3.3. Gene Family Expansion and Contraction

As previously described, gene family expansion and contraction have been investigated according to the most recent common ancestor inferred with CAFÉ v2.1. Six molluscan species (R. philippinarum, C. gigas, P. yessoensis, C. farreri, S. broughtonii and O. bimaculoides), representing different lifestyles were used to identify expanded and contracted gene families (Figure 4). The habitat adaptation in mollusks is displayed in Figure 4A. The analysis of gene families indicated that there were 1408 gene family expansions and 12,176 gene family contractions identified in R. philippinarum genome. Among them, 24 single-copy gene families showing significant expansions or contractions were identified as the rapidly evolving families (p < 0.05; Figure 4B). The GO enrichment for the 24 gene families revealed that they were mainly involved in RNA splicing, RNA processing, metabolic process and DNA integration. The KEGG pathway analysis indicated that these expansion of gene families were mainly enriched in lysine degradation, axon regeneration, metabolic pathways, endocytosis, ubiquitin mediated proteolysis, N-glycan biosynthesis, TGF-beta signaling pathway, and ECM-receptor interaction (Figure 5).

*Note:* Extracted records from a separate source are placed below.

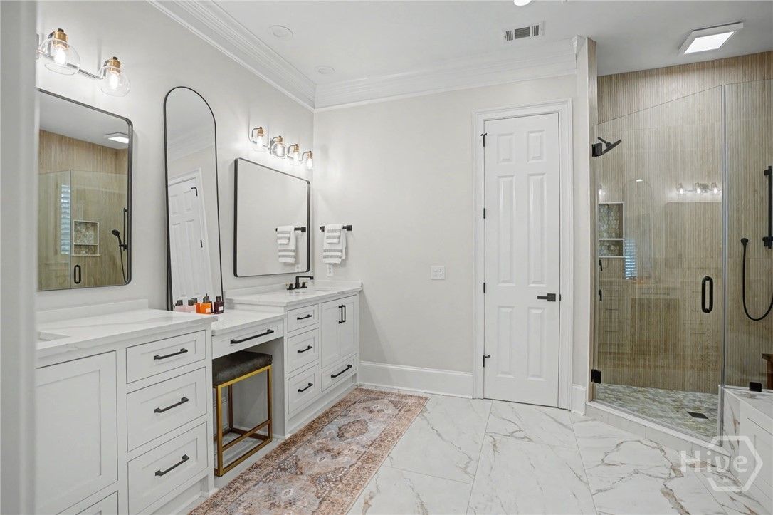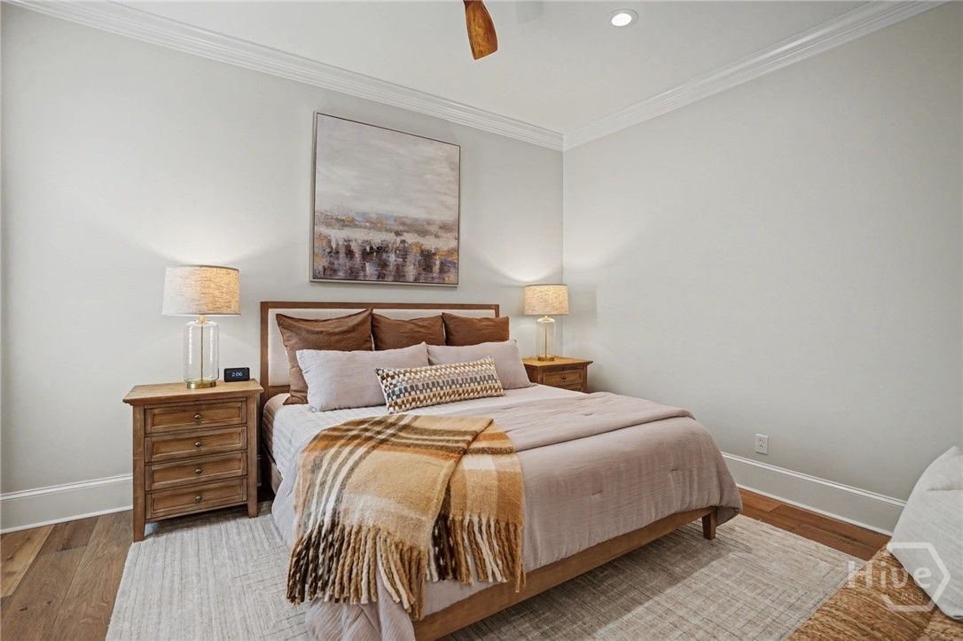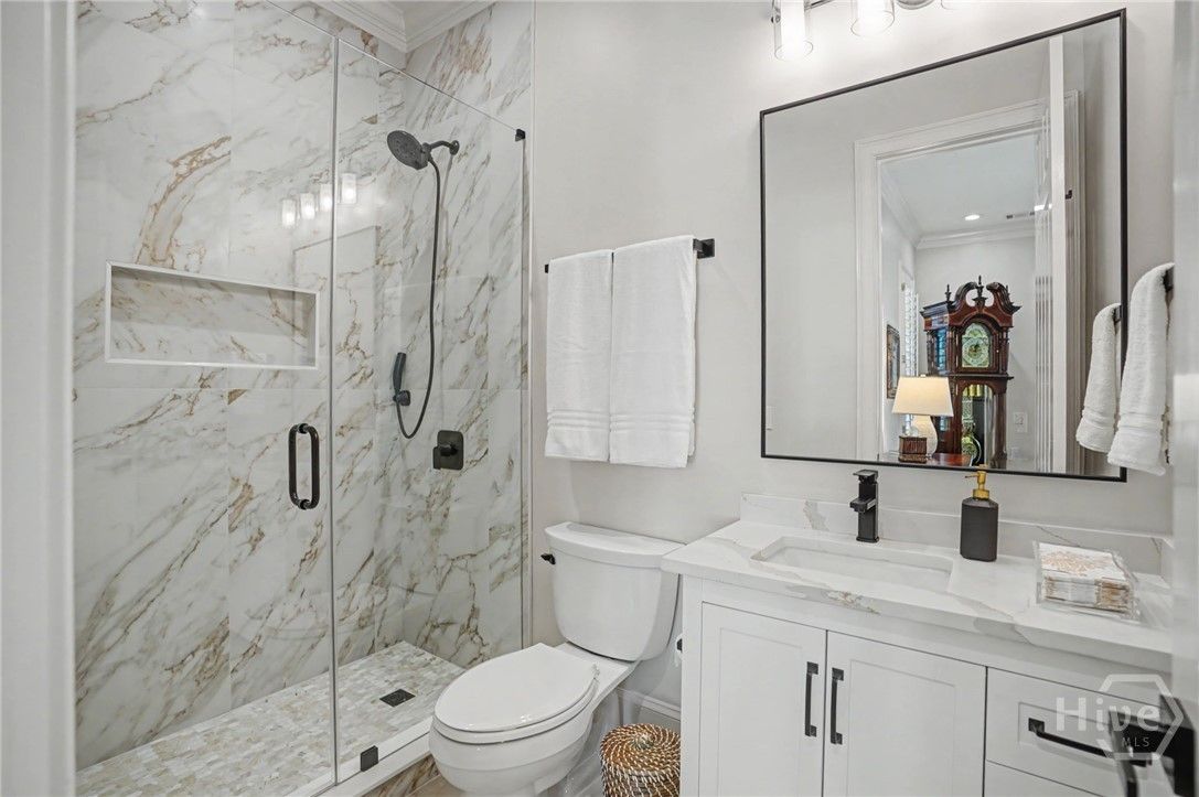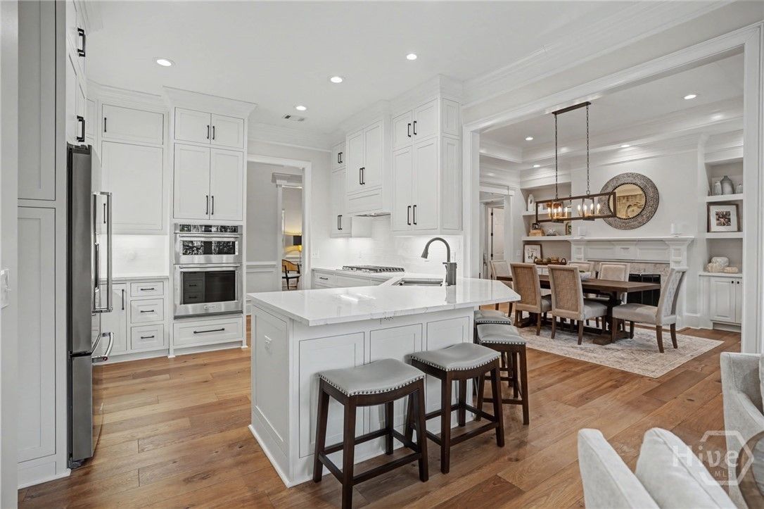 Located in the coveted Moon River section of The Landings, this beautifully renovated hard coat stucco home offers tranquil lagoon views with peekaboo views of the Intracoastal Waterway. No expense was spared in this designer-level renovation of the 4-bedroom, 4.5-bath residence with 3 car garage. Every detail of this home has been thoughtfully reimagined and meticulously upgraded. Blending timeless finishes with modern convenience, 1 Riverwatch Lane offers the rare opportunity to move in and immediately enjoy elevated design, smart functionality, and exceptional craftsmanship throughout. The thoughtfully designed floor plan features three spacious bedrooms with en suite baths on the main level and a private upstairs guest suite. Wide plank hardwood floors, marble-surround fireplace, custom built-ins, and designer lighting enhance the open living spaces, while the renovated kitchen with inlaid custom cabinetry and bathrooms showcase high-end finishes and modern functionality. Situated on a peaceful lagoon lot in one of The Landings’ most desirable neighborhoods, this home offers refined, move-in ready coastal living. Homes with this level of renovation and setting in Moon River rarely become available.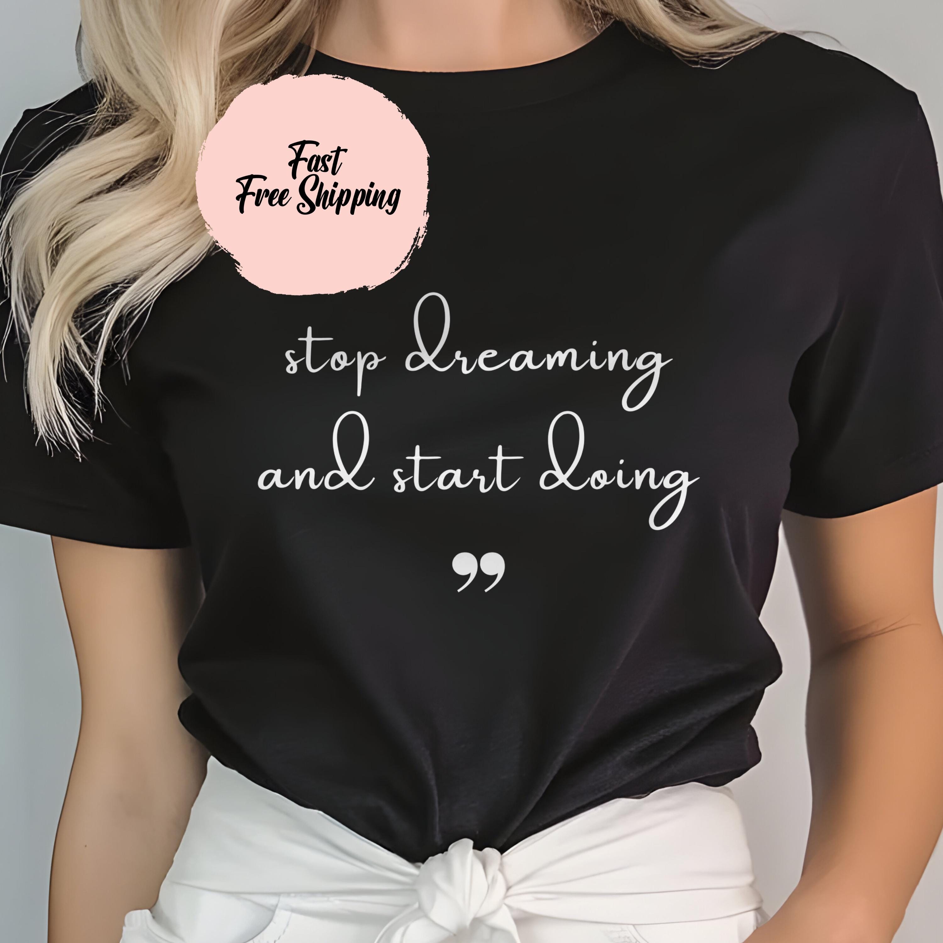 stop dreaming and start doing, motivational shirt, inspirational quote tee, positive mindset shirt, encouragement gift, uplifting graphic tee, hustle shirt, self improvement tee, inspirational sweatshirt, daily motivation tee, productivity shirt, positive quote hoodie, mindset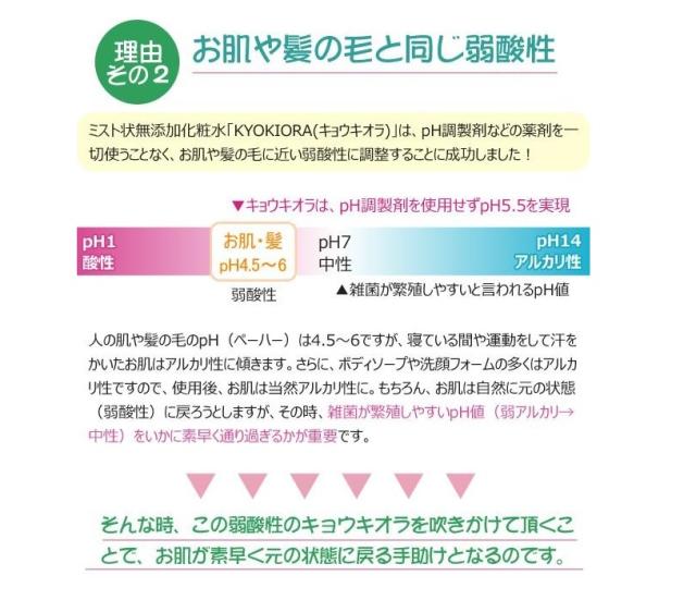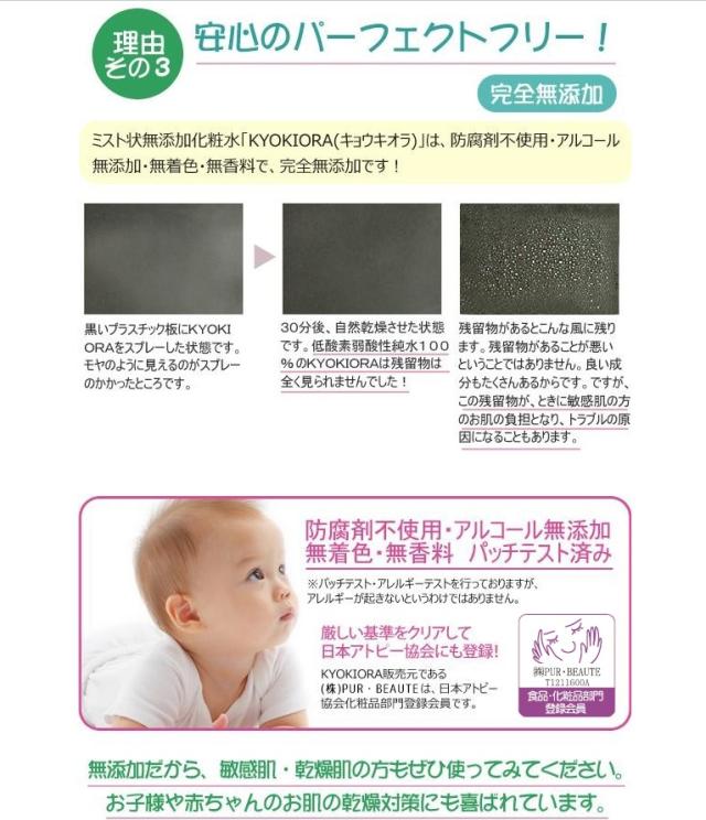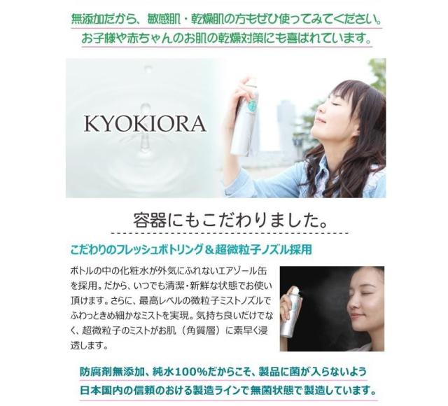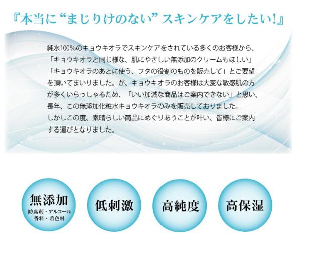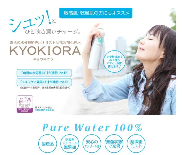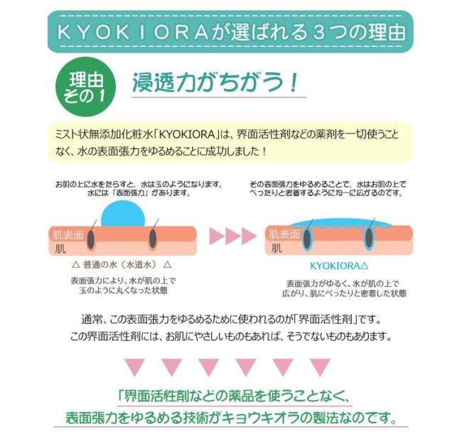 1.完全無添加化粧水のキョウキオラが肌にピュアな潤いを与えます。
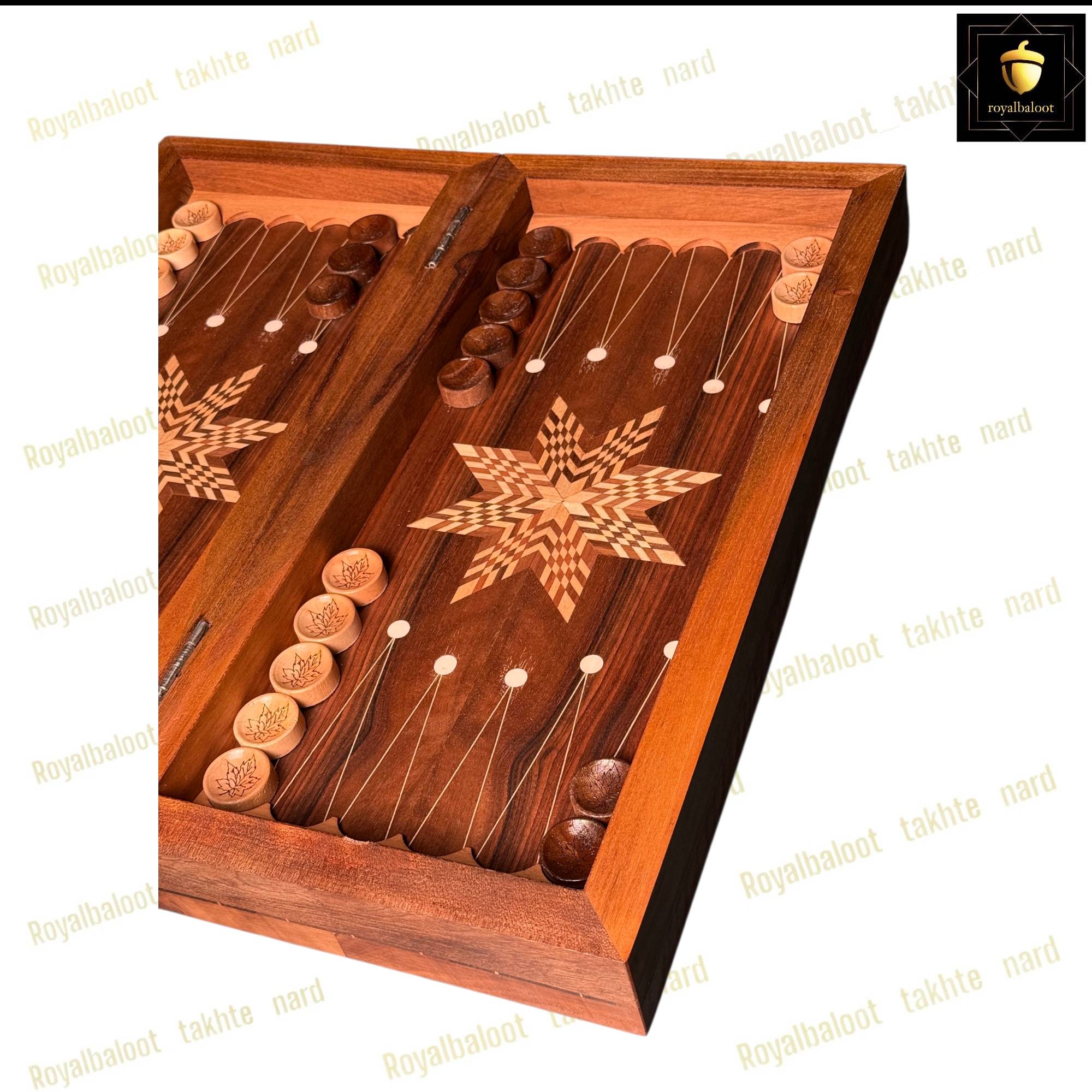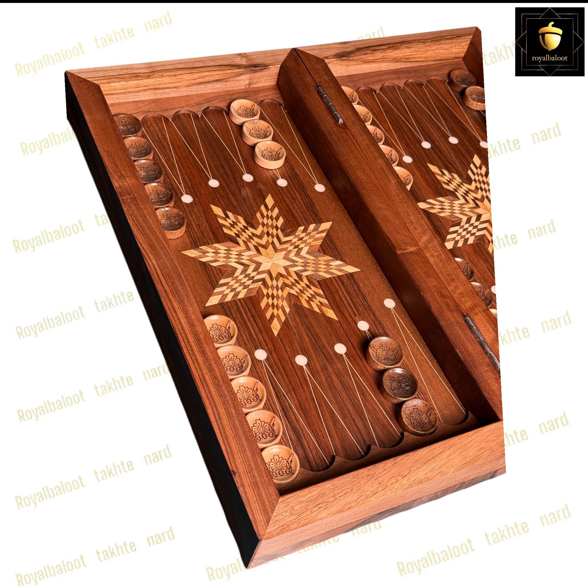 تخته نرد از چوب گردو ساخته شده سایز تخته نرد 50*50 استاندارد میباشد همراه مهره تخته نرد چوب گردو زیر پارچه کار شده تاس المانی سنگین وزن دار تاس مالزی چرخش بالا و کاور میباشد تخته نرد روغن هاردواکس خورده
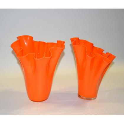 Lotto composto da due vasi a fazzoletto in vetro opacizzato arancio (h max cm 31,5)

For the Manila clam, the 24 expanded gene families representing the conserved domains have been illustrated in the heatmap (Figure 4, Supplementary Figure S4). Comparisons among the six molluscan species revealed conserved domains in these expanded gene families, including RVT_1, HEPN_DZIP3, AAA, RHD3_GTPase, FReD, 7tm_1, Neu_chan_LBD, zf-C2H2, etc. Together with the hard clam M. mercenaria, we find that the infaunal bivalves (R. philippinarum and M. mercenaria) share some of the same gene family expansions, such as interferon-induced very large GTPase, mobile element jockey-like, E3 ubiquitin-protein ligase, neuronal acetylcholine receptor, and fibrinogen C domain-containing protein (Supplementary Table S4). According to GO and KEGG enrichment analysis, these expanded gene families are mainly involved in amino acid metabolism and neuroregulation (Supplementary Figure S5). It is therefore suggested that the infaunal bivalves may have evolved their unique metabolic mechanism and neuroregulatory system for habitat adaptation, which may arise independently in different lineages (i.e., convergent evolution) [86,87].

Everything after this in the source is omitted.